Since hiring KBW Inc.'s Keefe, Bruyette & Woods in April, Capitol has announced the sale of five of its subsidiary banks.
The company announced Thursday a second-quarter loss of $18.7 million, compared with earnings of $623,000 a year earlier, as its provision for loan losses increased nearly sixfold, to $35.8 million.
Even following the split, Capitol will continue to face credit problems and a capital crunch. Based on second-quarter data adjusted for the split, nearly 5.63% of Capitol's assets were nonperforming.
However, Moran said the hope is that the deal will clean up the murkiness created by its operations in Michigan, which, in turn, could make access to capital easier.
"This brings clarity, which should result in better valuation in the capital markets, which potentially improves our access to additional sources of funds," he said.

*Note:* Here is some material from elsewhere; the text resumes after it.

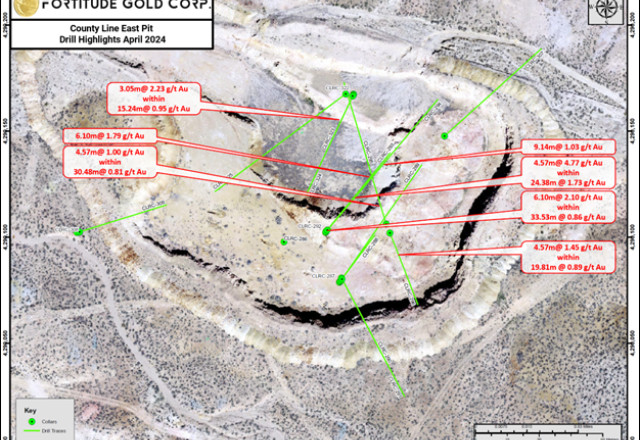 COLORADO SPRINGS, CO, April 22, 2024 (Newswire.com) - Fortitude Gold Corp. (OTCQB:FTCO) (the "Company") announced an expansion of its County Line East Pit high-grade gold feeder zone with multiple oxide gold drill intercepts at and near surface. Intercepts include 4.57 meters grading 4.77 grams per tonne (g/t) gold within 24.38 meters grading 1.73 g/t gold, 6.10 meters grading 2.10 g/t gold within 33.53 meters grading 0.86 g/t gold, and 6.10 meters grading 1.79 g/t gold. Fortitude Gold is a gold producer, developer, and explorer with operations in Nevada, U.S.A. offering investors exposure to both gold production and dividend yield.

Capitol needs approval from the Securities and Exchange Commission and the Internal Revenue Service to complete the deal.
Terry McEvoy, an analyst with Oppenheimer & Co. agreed with Moran, saying that the company's reputation has been skewed by its Michigan headquarters. "Investors have been hesitant to own a part of Michigan," he said.
"It might have been 40% of the company, but it was 100% of the stock price," he added. "Now it will be a company in the West and the Rockies and the Southwest; that sounds a lot better than a company in Michigan."
Following the split, Michigan will make up 10% of Capitol's assets. It has three remaining bank units there. Two of those are strategic moves Capitol's only national bank charter and its trust company. The other is a newer subsidiary, of which Capitol owns 51%.
Capitol is not the only company to distance itself from the Wolverine State. In 2007, the $63.3 billion-asset Comerica Inc. ditched Detroit as its headquarters in favor of Dallas.
But regardless of how the spinoff goes, observers said few other companies are likely to copy Capitol. "There aren't that many multibank holding companies, because many of them have consolidated," Bonaventure said.